Zhu, Yu; Jian, Jinli; Niu, Yujie; Yang, Xiaoxiao; Guo, Yuancheng; Zhao, Long; Liu, Bei.
Afiliação
  • Zhu Y; The First Clinical Medical College, Lanzhou University, Lanzhou, People's Republic of China.
  • Jian J; The First Clinical Medical College, Lanzhou University, Lanzhou, People's Republic of China.
  • Niu Y; The First Clinical Medical College, Lanzhou University, Lanzhou, People's Republic of China.
  • Yang X; The First Clinical Medical College, Lanzhou University, Lanzhou, People's Republic of China.
  • Guo Y; The First Clinical Medical College, Lanzhou University, Lanzhou, People's Republic of China.
  • Zhao L; The First Clinical Medical College, Lanzhou University, Lanzhou, People's Republic of China.
  • Liu B; Department of Hematology, The First Affiliated Hospital of Lanzhou University, Lanzhou, People's Republic of China.
Hematology ; 28(1): 2231760, 2023 Dec.
Article em En | MEDLINE | ID: mdl-37417449
ABSTRACT

BACKGROUND:

This study aimed to investigate the potential of a NAD+ metabolism-related lncRNA signature as a reliable prognostic biomarker for acute myeloid leukemia (AML).

METHODS:

Transcriptome profiles and clinical data of AML patients were obtained from The Cancer Genome Atlas (TCGA) database. NAD+ metabolism-related genes (NMRGs) were identified from the KEGG and Reactome databases. Coexpression analysis was used to screen NAD+ metabolism-related lncRNAs. The NAD+ metabolismrelated lncRNA signature was constructed using univariate analysis, LASSO regression, and multivariate analysis.

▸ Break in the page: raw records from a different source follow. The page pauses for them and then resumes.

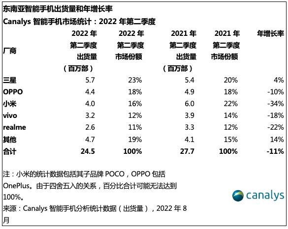小米第二季度出货量为 400 万台,与上季度相等,位居第三位。在五大东南亚商场中,四个商场完成微弱的持续添加,首要得益于新推出的红米 10 系列和之前的红米 9 系列。小米推出的 POCO F4 系列首要依托线上出售,这一子品牌为小米发明杰出的口碑效应,进一步进步其线上出货量。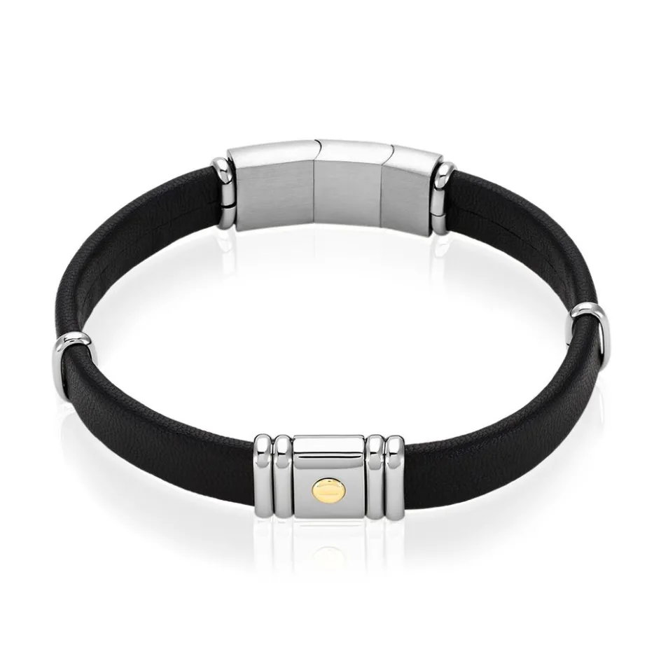 Bracelet Jourdan Homme Cuir Noir Acier Gris Decor Or 21.5cm Jh300006b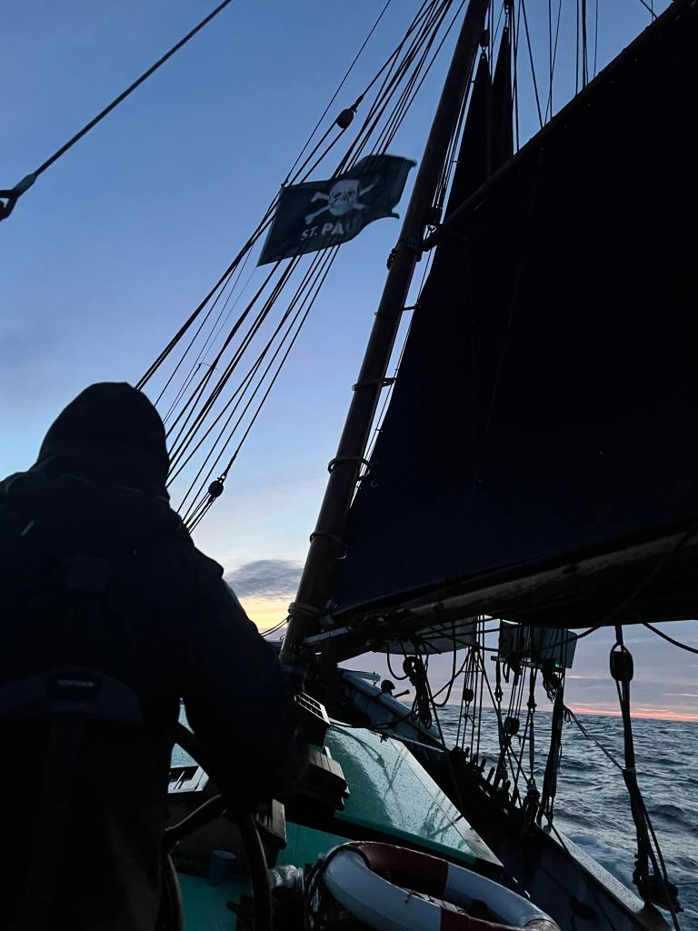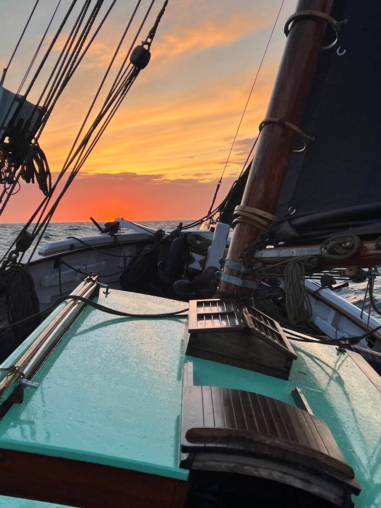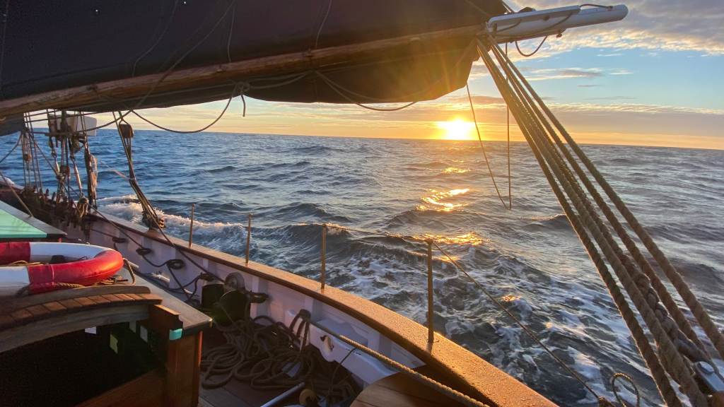 Nachdem alles seinen energieärmsten Zustand auf dem Leeboden der Kajüten erreicht hat, verliert der Wind, mit aufgehender Sonne seine Spitzen und wir schütteln die Reffs aus dem Groß.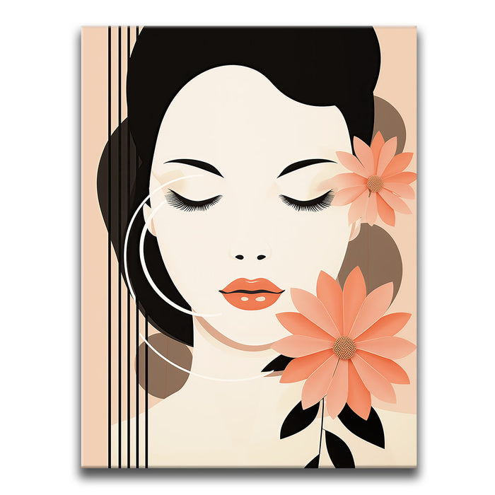 “Serenity Beauty” by Stella Ygris is a captivating portrait of a beautiful woman surrounded by vibrant orange flowers and colorful petals. This expressive artwork celebrates feminine beauty and tranquility, using a radiant palette that highlights the subject’s elegance and grace.

High- and low-risk groups were compared for survival, tumor mutation burden, immune cell infiltration, and response to immunotherapy. Enrichment analysis explored the biological functions.

RESULTS:

LINC01679, AC079922.2, TRAF3IP2-AS1, and LINC02465 were identified to construct the risk model. The model exhibited good predictive power and outperformed age and gender as an independent prognostic marker. High-risk patients showed poorer survival, distinct TP53 mutations, and altered immune cell infiltration compared to low-risk patients. Additionally, low-risk patients exhibited greater sensitivity to immunotherapy. Enriched biological functions included leukocyte migration and positive regulation of cytokine production.

CONCLUSIONS:

The NAD+ metabolism-related lncRNA signature shows promise in predicting clinical outcomes for AML patients.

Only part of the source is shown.